Labrador did, however, have the backing of anti-establishment conservative groups like FreedomWorks which had been advocating on his behalf.

"Rep. Labrador's impressive performance is indicative of a growing liberty caucus that is ready to make a policy agenda of individual liberty and fiscal responsibility a priority in the House,” FreedomWorks President Matt Kibbe said in a release following the vote. “We are looking forward to an even bigger group of liberty leadership candidates after the elections in November."

House Speaker John Boehner, R-Ohio, has already said he intends to run for another term as speaker. Yet, if he turns over the gavel, McCarthy's victory now positions the 49-year-old California congressman to become the next House speaker.

While the contest for majority leader went off as expected, the contest for whip, the person who counts votes for the caucus, was a bit more contentious.

[READ: Immigration Is Key in Race to Succeed Cantor]

Rep. Steve Scalise, R-La., ultimately prevailed and won the contest in the first round of votes giving conservatives in the House a victory to point to. Scalise defeated deputy whip and establishment pick Rep. Peter Roskam, R-Ill., and tea-party backed Rep. Marlin Stutzman, R-Ind. Scalise served as the leader of the Republican Study Committee, another House leadership post, and will now pass the torch to another conservative leader.

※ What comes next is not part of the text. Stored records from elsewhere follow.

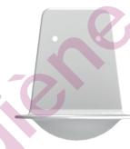
Coupelle stop gouttes (AC0170)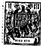
figura 1 a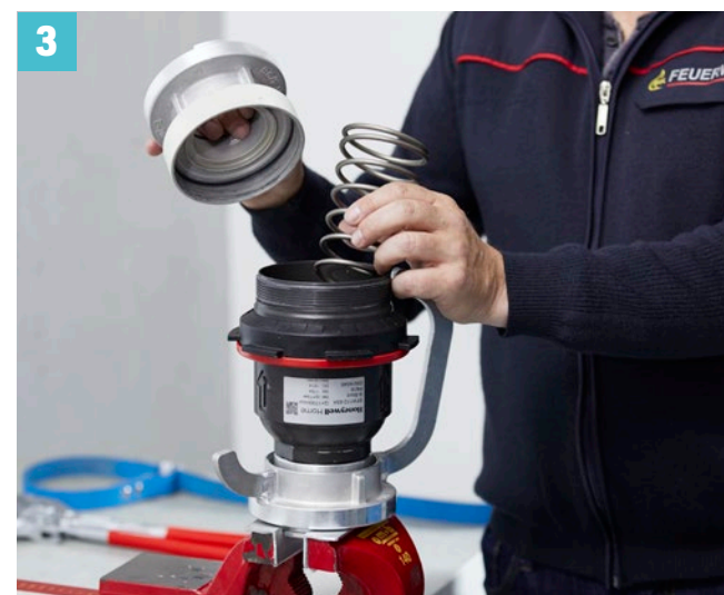
Spannungsfreie Feder entfernen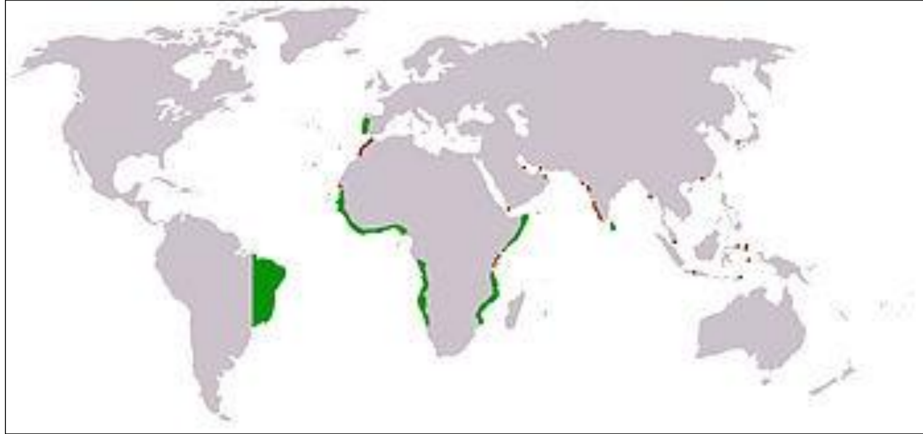
Império Português durante o reinado de D. João III (1521-1557)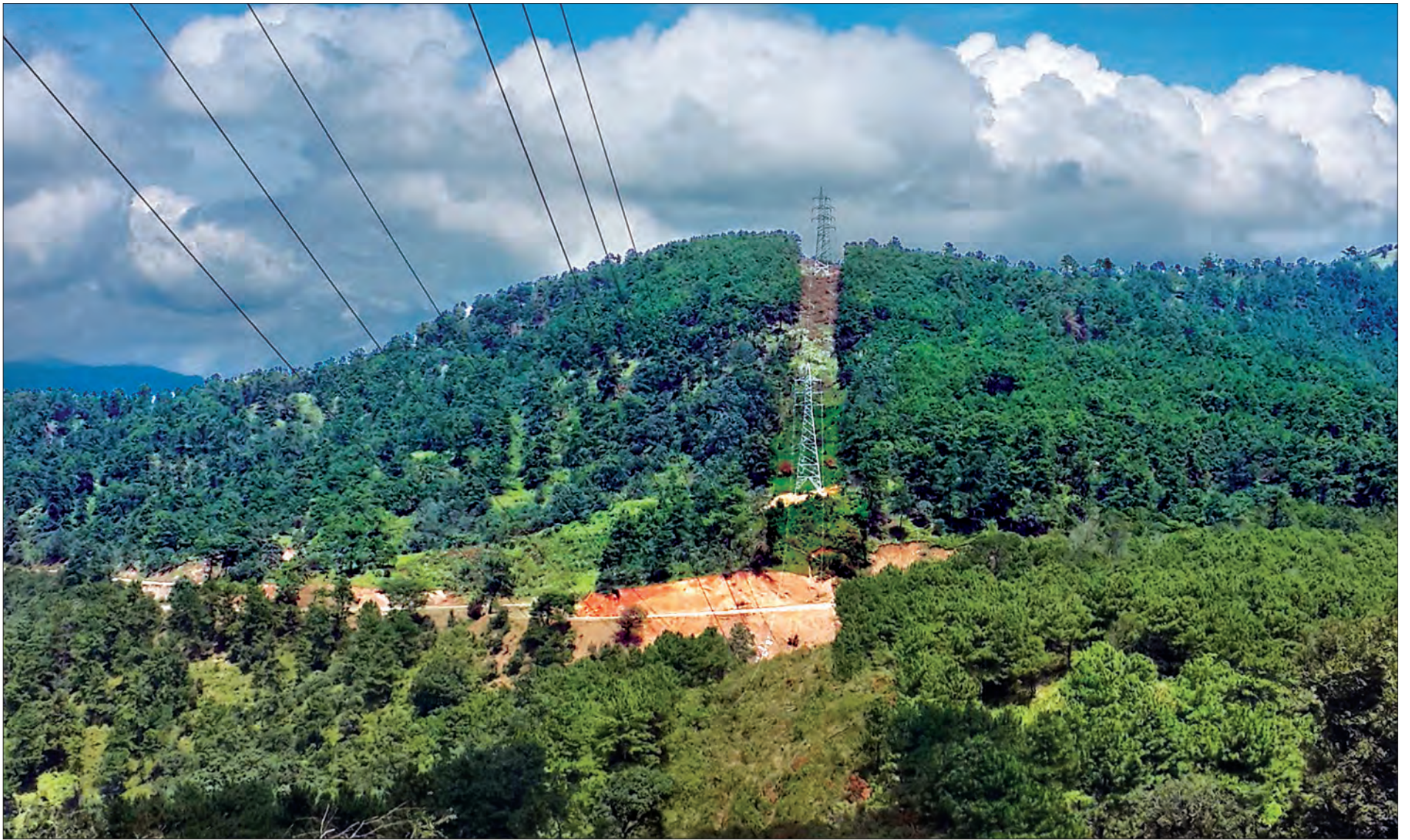
ဟားခါး-ဗလမ်း ၆၆ ကေဗီ ဓာတ်အားလိုင်း ၂၅ မိုင် တည်ဆောက်ပြီးစီးမှုကို တွေ့ရစဉ်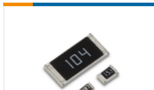
TE 产品编号1-2176345-2 CRGCQ 1210 82R 1%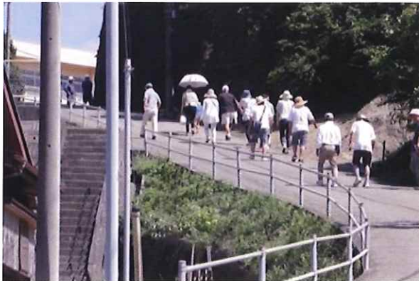
避難行動／地震発生時の津波避難など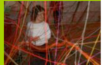
Workshop: "Dschungel - Dickicht - Labyrinth", Foto: Christine Aldrian-Schneebacher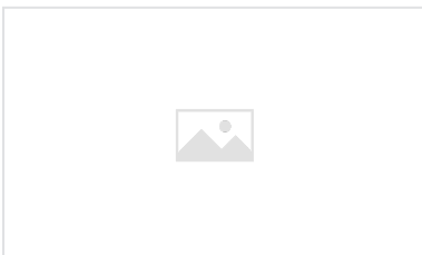
Rejillas AUTOLINEA - Montaje y desmontaje de las rejillas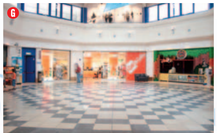
Situato nella Piazza Ovest, misure: 5 x 4 m. circa, punto luce: disponibile, altezza: non oltre 1,60 m.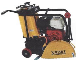
CORTADORA DE PISO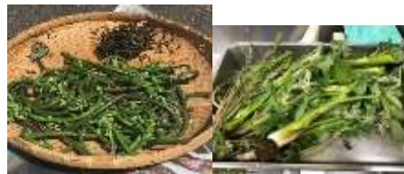
地域で採取した山菜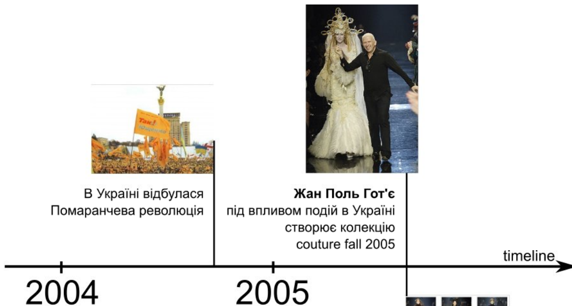
рис. 2 Фрагмент хронологічно-матричної моделі еволюції форм костюму XXI ст., Косенко О.І.

“We built a strong team that was representative our entire conference,” Scalise said following his win. “This is a win for America because we are going to be a more united team moving forward.”

While Congress remains gridlocked this election year, the new leadership team in the House has a slew of legislative action items to tackle.

With few legislative days left, the House must vote on a proposal to reduce the backlog in veterans health care and a series of spending bills by the end of the session. And that to-do list doesn't even include more contentious issues, like immigration reform which has divided the caucus in the past.